Special Considerations
No doc mortgages are commonly granted to individuals who don't have a regular source of income, including those who are self-employed, or whose wealth stems from investments or unearned-income sources. They help house flippers and landlords with multiple, expense write-offs on their tax returns to buy investment properties without thoroughly documenting their income.
But lenders granting these loans require borrowers to have excellent credit scores and high cash reserves available to make large down payments. The verification of a borrowers’ employment merely states monthly gross income on the application.
Down payment requirements are also different when it comes to these mortgages. At least a 30% down payment is required, while other mortgages may be as much as 35% to 50%. In comparison, most conventional mortgages require a 20% down payment. Such mortgages also have a maximum 70 loan-to-value ratio (LTV). This ratio is calculated as the amount of the mortgage lien divided by the appraised value of the property, expressed as a percentage.
The higher the borrower’s down payment on the investment property, the easier it is to be approved for the loan. This business model holds true for many mortgages because lenders see that the borrower is willing to offer a significant amount of capital. This large lump sum payment may mean there is less likelihood that the borrower will default because of their considerable investment.
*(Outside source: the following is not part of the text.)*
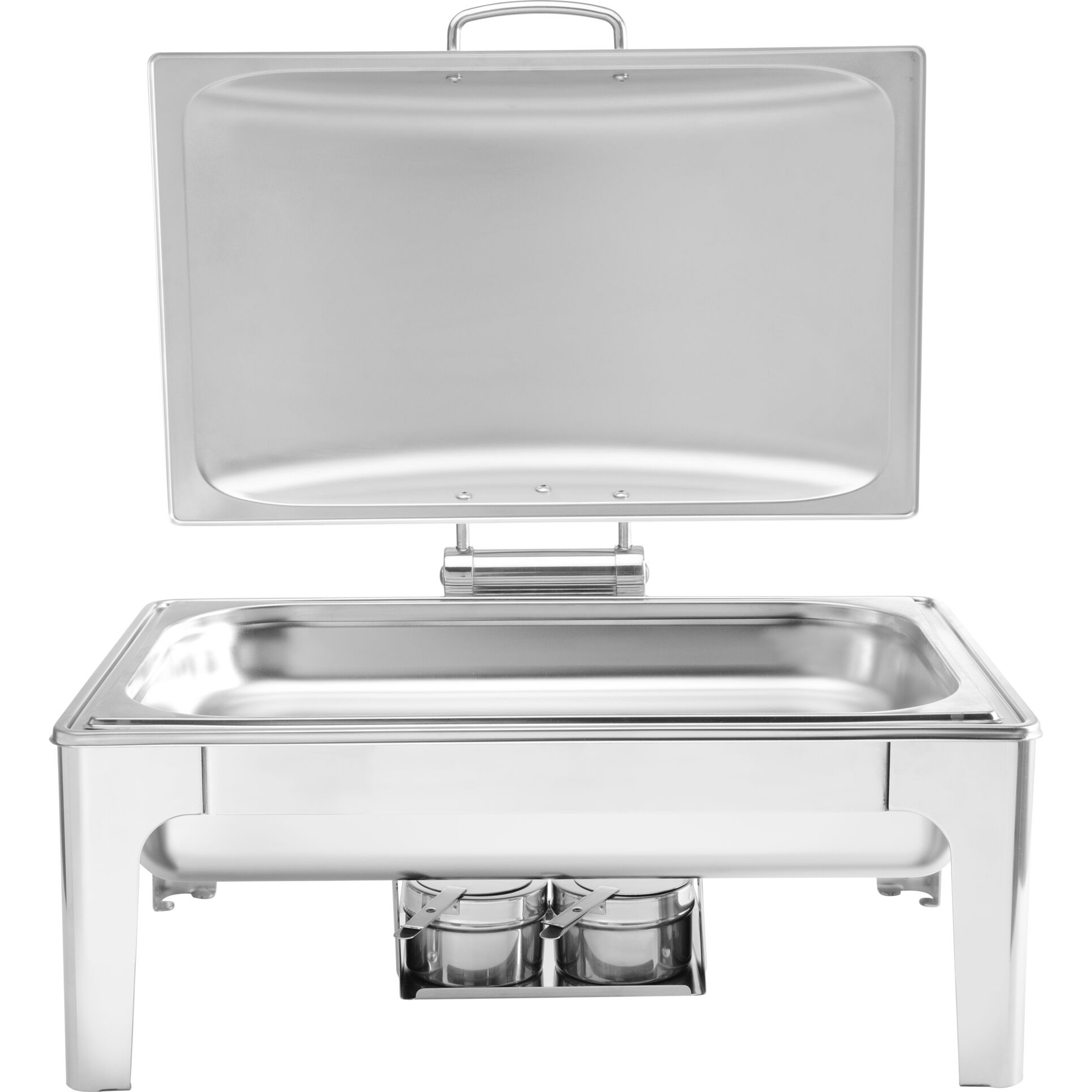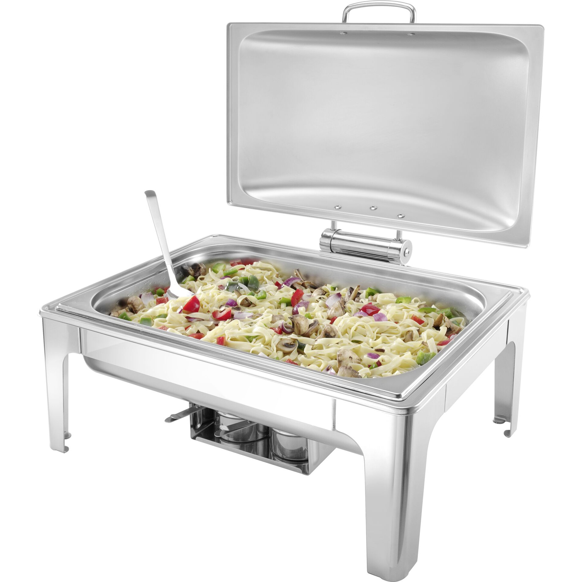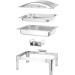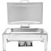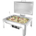 Ideal für den Einsatz am Buffet und im Catering. Satinierter Chafing Dish inkl. Zubehör aus langlebigem Edelstahl. Der Deckel ist mit einer Bremse ausgestattet; dadurch verbleibt dieser in der gewünschten Stellung und kann für eine einfache Reinigung auch abgenommen werden. Inkl. zwei Brennpastenbehälter, einem 1/1 GN-Einsatz 65 mm und einem herausnehmbaren Wasserbehälter.

Types of No Document Mortgages
No doc mortgages fall into the Alt-A category of lending products. They are considered as falling in between prime and subprime mortgages in terms of risk.
Other types of Alt-A loans include:
- Low documentation loans (low doc) require very little information on borrowers. Lenders often extended these loans purely on their client's credit scores.
- Stated-income, verified-assets loans (SIVA) are those for which lenders accept your assets as the basis for approval. They’re often called “bank statement loans.”
- No-income, verified-assets loans (NIVA) are similar to SIVA loans, except income is not part of the equation (or the application).
- No income-no asset (NINA). These mortgage programs do not require the borrower to disclose income or assets as part of loan calculations. However, the lender does verify the borrower's employment status before issuing the loan.
- Stated income-stated asset loans (SISA) allow the borrower to state their income and assets without verification by the lender. These products are also known as liar loans.
- NINJA loans, a slang term used for credit extended to a borrower with no income, no job, and no assets. Prevalent pre-Dodd Frank, this type is nearly extinct now, given that it ignores the verification process.
The interest rates for no documentation and other Alt-A products are usually higher than rates for a traditional mortgage loan. Many of these limited documentation loans take their security basis from the equity position in a property. A mortgage calculator can be a good resource to budget for the monthly cost of your payment.